School District 72 must cut $122,000 in order to balance its 2012/2013 budget

School District 72 must cut $122,000 in order to balance its 2012/2013 budget.

Peter Neale, secretary-treasurer for the school district, said based on discussions with the Budget Function Committee (comprised of the teachers’ association, CUPE, Campbell River principals and vice-principals, parents and senior management) the focus will be on minor reductions.

“Conversations would indicate a reluctance of stakeholders to recommend a complete elimination of services in specific areas,” said Neale, in a memo to the board of education. “Proposals for reductions will be exhaustive in all areas.

“Where possible, (informationon) impacts to student learning and operations will be provided.”

The board of education was considering reducing staffing levels, as well as cutting one of the seven school trustee positions, at a special board meeting Tuesday night after the Mirror went to press.

Reducing the number of trustees, as well as board costs, could save the district $15,000, according to Neale.

The school district is also considering cuts to full-time equivalent educational assistant positions.

Neale said the full-time equivalent is based on 35 hours per week, when in reality educational assistants work less than 35 hours per week to coincide with the school day and range from 20-28 hours per week.

“The number of actual positions (cut) would depend on if the reductions were in part-time positions or a general reduction in all hours for staff,” Neale said. “So…the reduction may be in full positions, part-time positions, or in the number of hours EA’s (educational assistants) will work in the day.”

That option would see the district use the current year, or 2011/2012 methodology for staffing educational assistants.

Neale said since that approach would cost about $300,000, half ($150,000) of that is being considered to “balance other priorities.”

The board will also look at reducing clerical staff by two-and-a-half full-time equivalent positions for a savings of $115,000.

“This option would see us reduce our staffing to our formula for clerical staffing and provide a cap to staffing at Timberline to 105 hours per week, maintaining 2011/2012 staffing,” Neale said.

The final piece to be considered is removing the GPS system in school buses – a savings of $5,000 – and discontinuing the software licensing fees for the GPS system. However, Neale said the system has proved its worth.

“Currently, the system is used to communicate to parents and management the location of our students and acts as a measure for efficiencies in the school district and safety for our students, particularly in the event of an emergency,” Neale said. “Considering annual costs, the benefits we are receiving are significant.”

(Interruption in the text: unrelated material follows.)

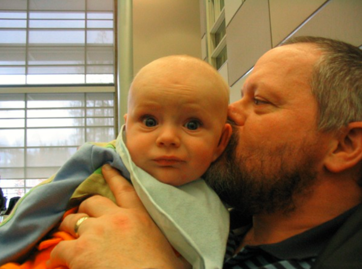 He seems to have the look that says… “Dad! We’re inpublic!” 🙂 I’m blowing raspberries, which made himlaugh the time before, but for the camera, he seemed to have adifferent expression… 🙂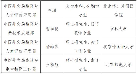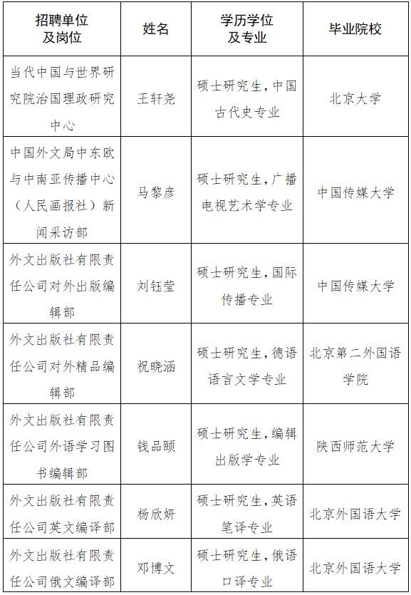 當代中國與世界研究院、中國外文局中東歐與中南亞傳播中心(人民畫報社)、外文出版社有限責任公司、中國外文局翻譯院2022年公開招聘擬聘用人員公示

School district stakeholders also brainstormed further savings that included:

n A bus review (consider working with the city for transportation).

n Small school closures.

n Consolidation of facilities.

n Investigation into abuse of employee benefits such as sick and/or bereavement leave.

n A review of shared field agreements with the city.

The budget is expected to be finalized and adopted at the board of education’s public meeting May 15 at the school board office.